- Aanhoudende noten: dit zijn noten die met een constante toonhoogte en volume worden gespeeld. Ze kunnen worden gecreëerd door lucht over het embouchuregat van de fluit te blazen.
- Vibrato: dit is een kleine variatie in toonhoogte die ontstaat door het oscilleren van de luchtstroom. Vibrato kan worden toegevoegd aan aanhoudende noten of worden gebruikt om een expressiever geluid te creëren.
- Trillingen: dit zijn snelle afwisselingen tussen twee noten. Trillers worden vaak gebruikt om versiering aan een melodie toe te voegen.
- Glissandos: dit zijn soepele glijbanen van de ene toonhoogte naar de andere. Glissando's kunnen worden gecreëerd door geleidelijk de positie van de vingers van de speler op de toetsen te veranderen.
- Fladderende tong: dit is een techniek die een rollend of trillend geluid produceert. Het wordt gecreëerd door de tong snel tegen het gehemelte te laten trillen.
- Spuugtonen: dit zijn hoge tonen die ontstaan door in de fluit te spugen. Spit-tonen worden vaak gebruikt voor speciale effecten.

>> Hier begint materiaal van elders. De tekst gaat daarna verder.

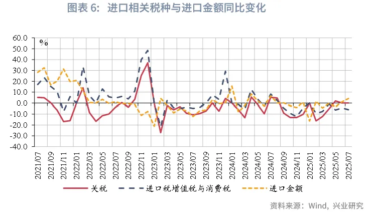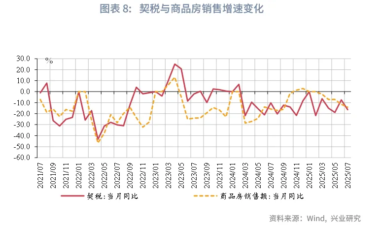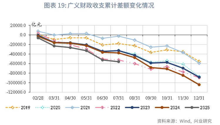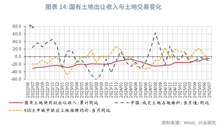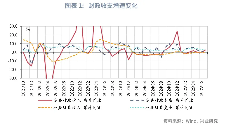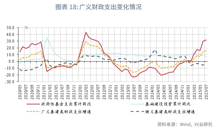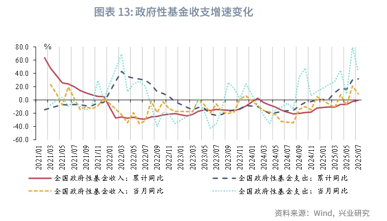 2025年7月,财政收入同比转正,受益于税收收入增速上行,财政支出有所增长;政府性基金收入受国有土地出让收入下降拖累,支出增速有所下行,但仍保持较高增速。

- Toetsklikken: dit zijn geluiden die ontstaan wanneer de toetsen van de fluit worden ingedrukt of losgelaten. Toetsklikken kunnen worden gebruikt om ritmische interesse aan een muziekstuk toe te voegen.
Het geluid van een fluit kan variëren, afhankelijk van het type fluit dat wordt bespeeld, de materialen die zijn gebruikt om de fluit te maken en de techniek van de speler.